Re: [PATCH rdma-next v1 0/2] RDMA: fix cross-NIC same-host IPv6 RDMA-CM connect
From: Jason Gunthorpe
Date: Mon Jun 15 2026 - 20:00:44 EST
On Mon, Jun 15, 2026 at 05:46:19PM +0000, Alex Timofeyev wrote:
> RDMA-CM cannot establish an IPv6 RoCEv2 connection between two NICs that
> live on the same host. This shows up on hosts that pin one process per
> NUMA-local NIC and let those processes talk to each other over each NIC's
> global IPv6 GID (e.g. a storage daemon with one engine per NUMA node on
> dual ConnectX-7). rdma_resolve_addr() and ib_send_cm_req() both return
> success, but the destination NIC silently drops the frame and the peer
> never sees the REQ; the connection times out.
>
> The bug has two halves, one on each side of the connection:
>
> 1) Send side (patch 1, drivers/infiniband/core/addr.c)
>
> When the destination address is local, addr_resolve_neigh() copies the
> *source* device's MAC into the path record's destination MAC. That is
> right for true loopback (same netdev), but for a destination that lives
> on a different netdev of the same host the destination NIC will not
> accept a frame addressed to the source NIC's MAC and drops it in HW.
> The fix resolves the netdev that owns the destination address and uses
> its MAC.
I'm not sure about this, you need to have policy routing or VRF setup
so these local routes don't show up.. Do you have that?

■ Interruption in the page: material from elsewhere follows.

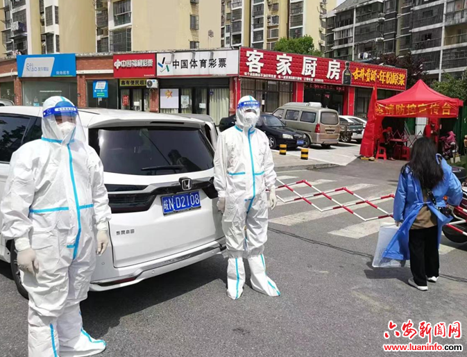 4月14日下午14日30分,紧急支援裕安区天盈社区,并捐赠医用防护、医用防护面罩、医用手套、口罩及方便面、饮用水等物资。
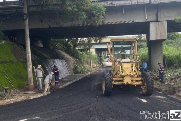 Entre as ações realizadas estão a aplicação de nova capa asfáltica para recuperação do pavimento, a desobstrução de canaletas e a limpeza das caixas de drenagem.

A local route result should result only in a local loopback AH, it should
never result in a packet on the wire, and we shouldn't be trying to
mangle loopback routes at all.
> 2) Receive side (patch 2, drivers/infiniband/core/cma.c)
>
> Once the REQ does reach the peer, validate_ipv6_net_dev() rejects it:
> rt6_lookup() of a same-host destination collapses onto the loopback
> netdev, so the strict rt6i_idev->dev == net_dev check fails with
> -EHOSTUNREACH even though the REQ arrived on the right net_dev. The fix
> accepts an RTF_LOCAL route when net_dev itself owns the listener
> address. This half is only observable once patch 1 lets the REQ
> arrive.
Same answer here, if you have proper routing you won't get a loopback
route to match and you won't fail on this check. Removing the check
does not seem correct.
Jason